"Mengalirkan Harapan di Pante Bidari: Karya Bakti TNI Bangun Irigasi, Hidupkan Kembali Nafas Pertanian Desa"

0
                             

SamudraNews.com | Aceh Timur - Di tengah hamparan sawah Kecamatan Pante Bidari, deru cangkul dan denting alat kerja hari ini menyatu dengan harapan para petani. Melalui program Karya Bakti TNI yang digelar Kodim 0104/Aceh Timur, pembangunan jaringan irigasi tersier yang menjadi denyut kehidupan ribuan petani terus menunjukkan progres positif, meski berada pada tahap awal dan menghadapi beragam tantangan lapangan.

Di bawah koordinasi Balai Wilayah Sungai (BWS) Sumatera I, proyek peningkatan irigasi ini menargetkan pembangunan saluran sepanjang 4.836 meter, yang kelak akan mengairi 255 hektare lahan pertanian. Hingga Selasa (18/11/2025), sudah 2.611 meter atau 54,33 persen saluran berhasil diselesaikan—tanda kuat bahwa aliran air bagi petani Pante Bidari semakin dekat.

Kerja di Enam Desa: Setiap Meter yang Dibangun adalah Harapan

Pembangunan dilakukan serentak di enam desa, masing-masing menunjukkan kemajuan yang menggembirakan Desa Matang Kruet (Titik 1) – Target 500 m; progres 355 m (71%), Desa Paya Demam Lhee (Titik 2) – Target 500 m; progres 329 m (65%), Desa Buket Karueng (Titik 3) – Target 600 m; progres 279 m (46%), Desa Seuneubok Tuha (Titik 5) – Target 616 m; progres 290 m (47%), Desa Alue Ie Mirah (Titik 6) – Target 330 m; progres 231 m (70%), Desa Pante Rambong (Titik 7) – Target 650 m; progres 302 m (46%)


Secara total, layanan area yang telah tersentuh konstruksi mencapai 138,55 hektare (54,33%), sementara pengolahan lahan dan areal tanam bertahan pada 165 hektare (64,7%).

Di balik setiap meter saluran yang terbentuk, terdapat 40 tenaga yang bekerja bahu-membahu: 16 personel TNI dari Kodim 0104/Atim dan Yonif TP 853/Brb, serta 24 warga dari enam desa yang menjadi lokasi pembangunan. Kolaborasi ini bukan sekadar kerja fisik, tapi cerminan kekuatan sosial masyarakat desa—semangat gotong royong yang terus hidup.
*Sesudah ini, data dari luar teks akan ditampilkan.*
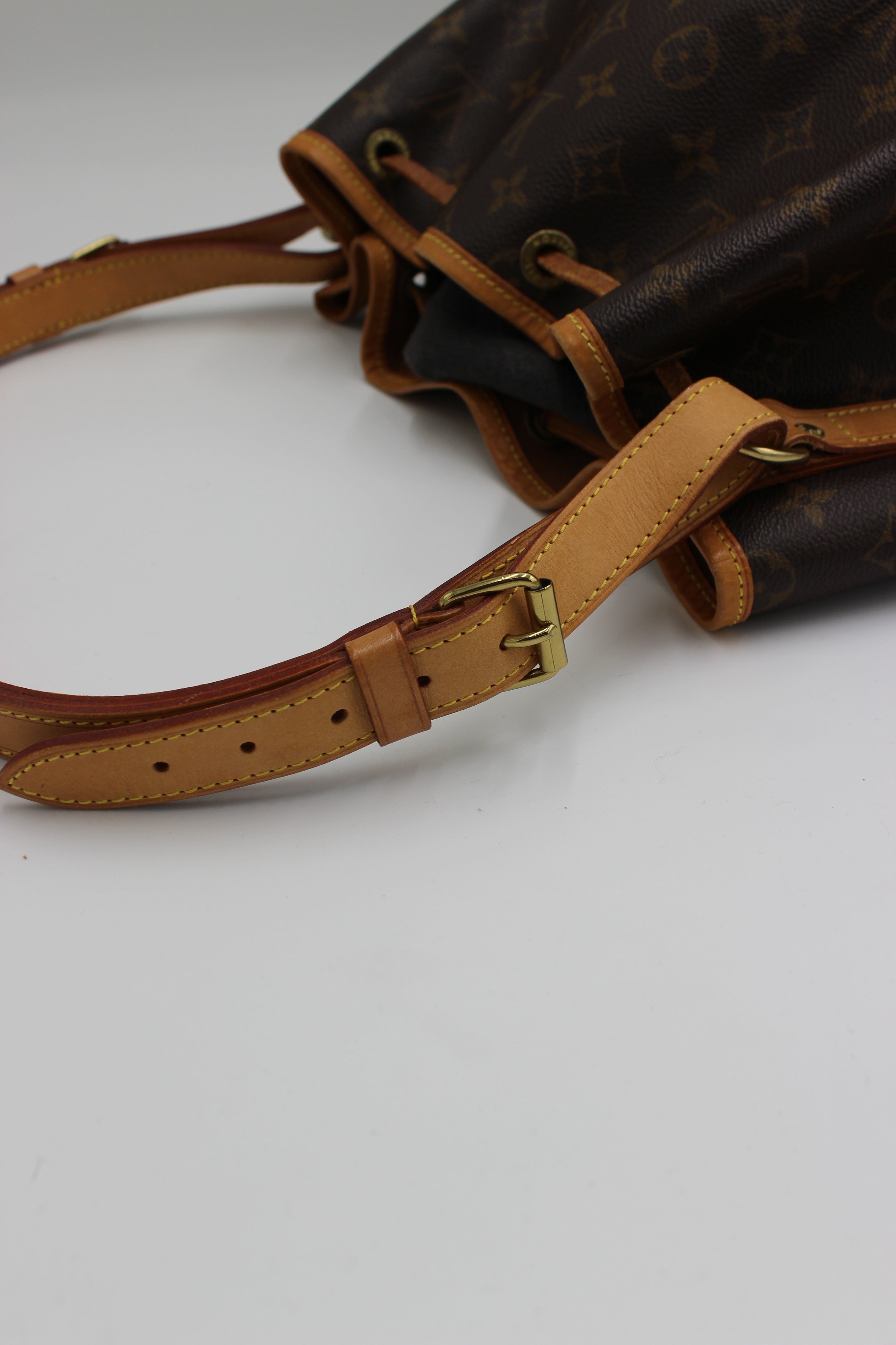 Taskens historie: Oprindeligt designet til at bære champagneflasker. Med sit ikoniske snøre-luk og tidløse monogram lærred er Noé både elegant og praktisk.

Namun perjalanan pembangunan tidak selalu mulus. Cuaca menjadi tantangan terbesar: pagi cerah, siang mendung, dan hujan deras pada sore hari yang kerap menghentikan pengerjaan. Di samping itu, tradisi lokal yang membebaskan masyarakat dari aktivitas fisik pada hari Jumat dan hari besar keagamaan turut memengaruhi ritme pekerjaan.


Upaya Percepatan: Bekerja Mengejar Cuaca

Kapten Inf Jaya Sakti, Danramil 15/Peureulak Barat yang bertindak sebagai Koordinator Lapangan, menegaskan komitmen tim untuk terus mempercepat pekerjaan.


“Kami memaksimalkan seluruh kegiatan di luar hari libur dan berupaya mengoptimalkan pekerjaan saat cuaca mendukung. Meski ada kendala, semangat personel dan masyarakat tetap tinggi untuk menyelesaikan pembangunan irigasi ini,” ungkapnya.


Di setiap jeda hujan, para personel kembali menata batu, merapikan tanah, dan memperkuat dinding saluran. Di setiap pagi cerah, mereka bekerja lebih cepat—seakan mengejar waktu sebelum langit kembali mendung.


Aliran Baru untuk Masa Depan Petani

Lebih dari sekadar proyek fisik, irigasi ini adalah aliran harapan. Ketika seluruh jaringan selesai, air akan mengalir lebih merata ke sawah-sawah petani Pante Bidari. Produktivitas lahan diprediksi meningkat, dan musim tanam akan lebih terjamin.


Program ini menjadi bukti nyata hadirnya TNI dalam mendukung pembangunan pertanian dan memperkuat ketahanan pangan nasional bukan hanya melalui kekuatan, tetapi melalui kerja bersama masyarakat.


Dengan lebih dari 50 persen target yang telah tercapai, harapan itu kini bukan lagi angan. Ia sudah mulai mengalir, setetes demi setetes, bersama saluran irigasi yang terus dibangun.